Requirement:
Without the pictures, extract every line from the start of the material to the line containing "El origen de", both ends included.

[Provided data Boundary: Start]

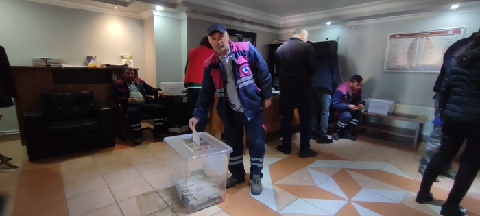 Çanakkale Belediyesi`nde örgütlü Devrimci İşçi Sendikaları Konfederasyonu`na bağlı (DİSK) Genel İş Sendikası üyesi işçiler sendika binasında kurulan sandıklarda grevi oyluyor. Ocak ayından bu yana yürütülen toplu iş sözleşmesi görüşmelerinde sendika-belediye uzlaşması sağlanamayınca belediye işçileri grev için sandık başına gitti.
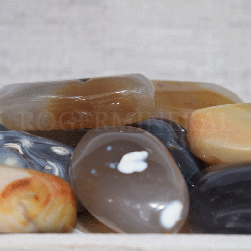 El origen de su nombre proviene de un río de Sicilia dónde se encontró en abundancia. Existe una gran variedad de Ágata, con numerosos matices.
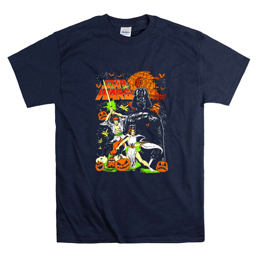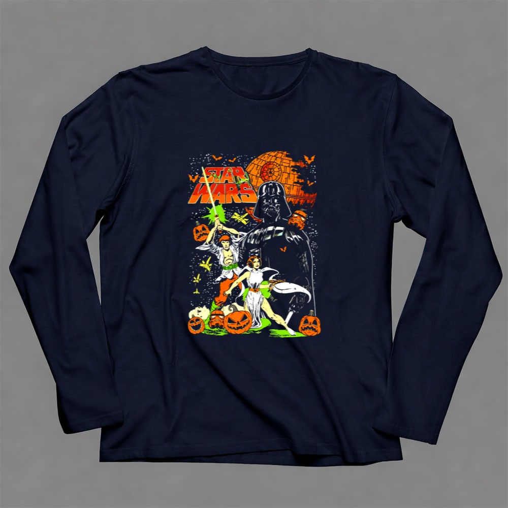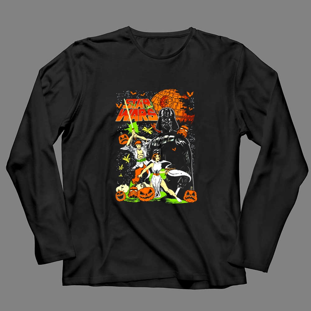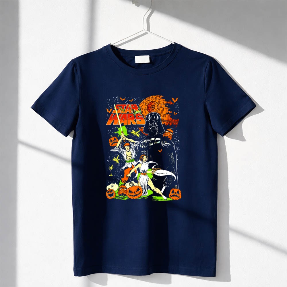 This design captures the whimsical essence of Halloween by bringing together Darth Vader, Princess Leia, and Han Solo in a colorful, vintage comic art style. Nestled among cheerful pumpkins, these iconic characters evoke a sense of joy and nostalgia, making it a perfect tribute for fans who cherish the magic of both Halloween and the Star Wars universe.

[Provided data Boundary: End]

Task solution:
 Çanakkale Belediyesi`nde örgütlü Devrimci İşçi Sendikaları Konfederasyonu`na bağlı (DİSK) Genel İş Sendikası üyesi işçiler sendika binasında kurulan sandıklarda grevi oyluyor. Ocak ayından bu yana yürütülen toplu iş sözleşmesi görüşmelerinde sendika-belediye uzlaşması sağlanamayınca belediye işçileri grev için sandık başına gitti.
 El origen de su nombre proviene de un río de Sicilia dónde se encontró en abundancia. Existe una gran variedad de Ágata, con numerosos matices.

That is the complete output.